Kalevala/trad. Léouzon le Duc (1867)/11

Traduction par Louis Léouzon le Duc.
A. Lacroix, Verboeckhoven & Cie (p. 88-96).

ONZIÈME RUNO.

sommaire.
Lemmikäinen, le joyeux héros, se rend à Saari, pour briguer la main de la belle Kylliki, la célèbre vierge de l’île. — Les jeunes filles se moquent de lui et cherchent à le berner. — Il se venge en les séduisant. — Kylliki, seule, échappe à ses poursuites. — Il la surprend dans la société de ses compagnes, la porte dans son traîneau et l’enlève. — Plaintes et reproches de la jeune fille. — Lemmikäinen lui jure de n’entreprendre aucune expédition guerrière ; elle lui jure, de son côté, de ne point aller folâtrer hors de la maison. — Ils échangent leurs serments, et la belle Kylliki devient la femme de Lemmikäinen, qui l’amène triomphant dans sa famille. — La mère du héros rend grâces à Jumala des succès de son fils, et fait une magnifique réception à la nouvelle épouse.

Il est temps, maintenant, de parler d’Ahti[1], de chanter le joyeux et rusé compère. Ahti, Le jeune garçon de Saarela[2], Ahti, le joyeux fils de Lempi[3], naquit et fut élevé par sa douce mère, dans une maison bâtie sur les bords du vaste golfe, au détour du promontoire de Kauko[4].

Là, Kaukomieli[5] grandit en se nourrissant de poisson, en mangeant des perches. Il devint un homme des meilleurs, un héros à la belle figure, au teint rose et frais, à la forte tête, au port noble et superbe.

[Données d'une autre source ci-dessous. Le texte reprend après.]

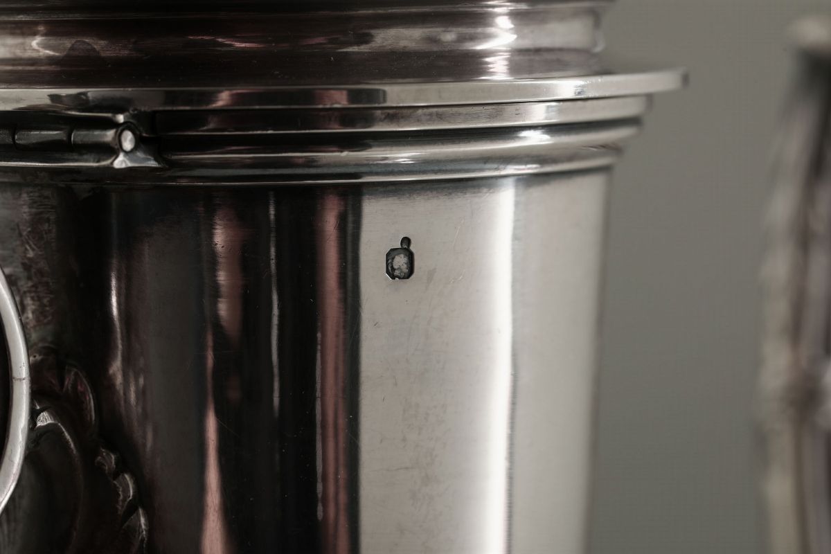 Caffettiera in argento fuso, sbalzato e cesellato Francia XIX-XX secolo

Mais il avait un petit défaut, une habitude peu digne d’éloge : il vivait toujours au milieu des femmes, il passait les nuits à courir les aventures, à fréquenter les joyeuses assemblées des jeunes filles, les jeux bruyants des belles chevelures.

Or, il était dans Saari[6] une blonde jeune fille, une radieuse fleur, qui s’appetait Kylli[7]. Elle grandissait et s’épanouissait dans l’illustre maison de son père, assise sur le banc d’honneur[8].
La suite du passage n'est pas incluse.